Management includes CEO Maria Maccechini who holds a postdoc in molecular biology and is the founder of the company, she has a background in angel investing (ex- RobinHood Ventures) which suggested that they would likely look for a buyout for some of these assets. I also listened into her conversations with an analyst at the redchip small cap conference where she openly stated that she isn’t looking to develop the drug the entire year. This suggests that the potential for a buyout or licensing deal is likely once the Alzheimer data is out. The board also consists of previous coworkers from her Robinhood Ventures which furthers my conviction in the belief that they will look to sell.

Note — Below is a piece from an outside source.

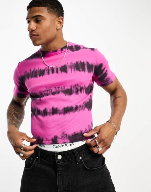 ASOS DESIGN cropped skinny T-shirt in pink tie dye

Annovis Bio currently has £8m remaining on the balance and the expense to carry through the Phase 2a trials was £4.5m. Based on this, that would leave Annovis with ~3m at the end of 21 and final data from the Phase 2a trials to be expected by “early winter”. An additional $100m boost to their balance sheet could also come from a future sale of a priority drug review voucher should their filing for orphan drug status be successful and they decide to sell.*

The Verdict

Annovis is a low on cash biotech which has demonstrated positive data within Parkinsons and is yet to produce data in Alzheimer’s. Given the lack of a raise post Parkinson’s data PR to around $48, I suspect the company has — what they believe to be — strong Alzheimer’s data and will most likely use this catalyst to then raise post announcement. The other potential is that the company has a partnership forming which the CEO mentioned was a route they would be willing to take toward commercialisation. Given the stock has rolled back down to its previous baseline of ~$25, I would consider this an optimal position to take in a speculative bet. For those with lesser risk appetites a covered call position most likely yields the greatest risk reward as Alzheimer’s data is expected in Q2 and would expect it by the end of May to early June.